There's no single magic bullet. But if we're going to get beyond both anti-labor, neoliberalism, and neoliberal globalism—which is really unilateral liberalism, because if your trading partner is cheating, or is state capitalist like China, it’s not really free trade but one-way free trade)—I think we need to combine these two simultaneously. 


Yascha Mounk: The economic dimension used to determine who was on the Left and who was on the Right. You once would have been able, with some degree of accuracy, to guess who somebody's voting for by asking them something like, would you rather have a bigger welfare state and more taxes or a smaller welfare state and less taxes? Today, it seems to me that culture is at the forefront of our politics. And, really, what drives you is the economic dimension and the sort of epiphenomenal policy position that that pushes you to embrace becomes the foundation of your perceived political orientation in a system that says what's primary is culture.

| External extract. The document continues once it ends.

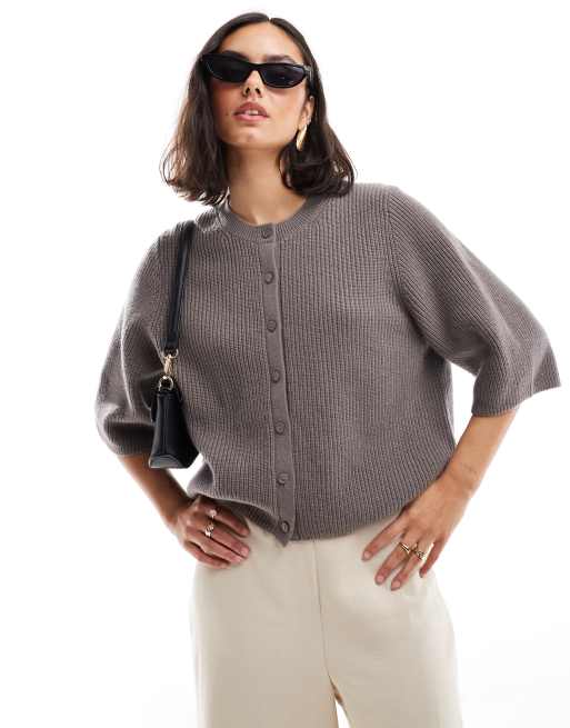 & Other Stories - Mørk beige cardigan i ribstrik i uld med korte ærmer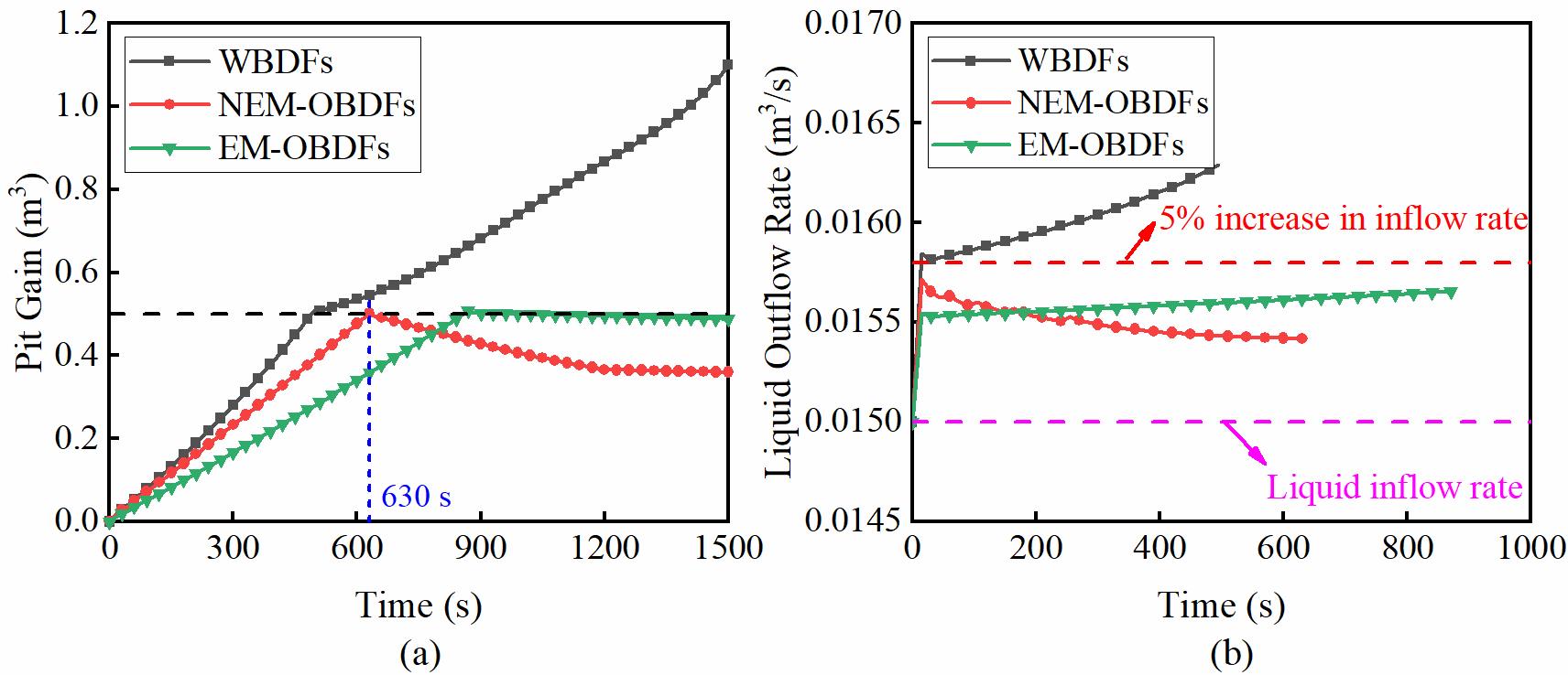 1) 与平衡气侵模拟器相比,非平衡气侵模型中存在一个独特的气体溶解阶段。在这一阶段,池液面增量大幅度降低,这种现象可能会被钻井工程师误解为井漏或气侵强度降低(图1)。

Do you see the set of arguments you're making about the economy finding a political home in the United States? Or do you think they will continue to be as homeless as they have been in the last decades?

Lind: It's certainly the case that I have been coded as a conservative. I would have been coded as a progressive in 2010. In 1990, I would have been on the Left. I was a Cold War liberal but Cold War liberals were pro-labor, pro-union, and so on. I'm simply setting forth a position that I think is coherent. Who decides at any given moment what is Left and what is Right? All the way up until 2000, immigration restriction was pushed by the AFL-CIO and by the labor movement because of worries about competition and wage suppression. The people who were making the arguments about open borders and humanitarianism and so on were Cato Institute libertarians and the representatives of American agribusiness. After 2000, suddenly, what had been the right-wing libertarian position on immigration was now the progressive immigration position. And if you criticized it, you were a bigot, a nativist and a fascist. The same is true on trade. The trade skeptics are now mostly in the Republican Party. They were mostly in the Democratic Party—you had people like Dick Gephardt, who were economic nationalists. 

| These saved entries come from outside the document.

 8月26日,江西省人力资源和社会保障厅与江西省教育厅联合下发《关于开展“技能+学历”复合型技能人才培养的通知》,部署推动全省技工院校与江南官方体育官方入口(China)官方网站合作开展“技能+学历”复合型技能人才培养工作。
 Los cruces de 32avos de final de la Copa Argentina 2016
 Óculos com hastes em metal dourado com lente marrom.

And this is where I disagree with a lot of people—I think that the U.S. and maybe some Western European democracies, have effectively been post-democratic since the 1970s. And this is the theme of my book The New Class War, which is that the three organizations that gave real substantive power to working class people were these mass membership organizations: the political parties, which were federations of local clubs; the trade unions; and the churches and religious institutions, which were much more important then. What happened by 2000 is that these organizations simply disintegrated. And the only connection that most ordinary citizens have with the government is maybe voting in a primary or general election in the United States in a single member or single party district where the party is going to win no matter what—it's gonna be all Democrats or all Republicans. And then they have no say in terms of lobbying in between elections. We’ve moved to what I call “neoliberal technocracy” in the ‘90s and 2000s. Various rebellions—Bernie Sanders on the Left, and Trump's voters (not Trump himself, he's just a charlatan and a demagogue)—were a backlash against the closure within this kind of technocratic system. In Italy, of course, we see this illustrated better than anywhere else in the Western world, because you had Berlusconi long before you had Trump, and, at the same time, you literally have technocratic governments, run by technocratic mandarins. And you get this kind of back and forth between populist demagogy and technocracy.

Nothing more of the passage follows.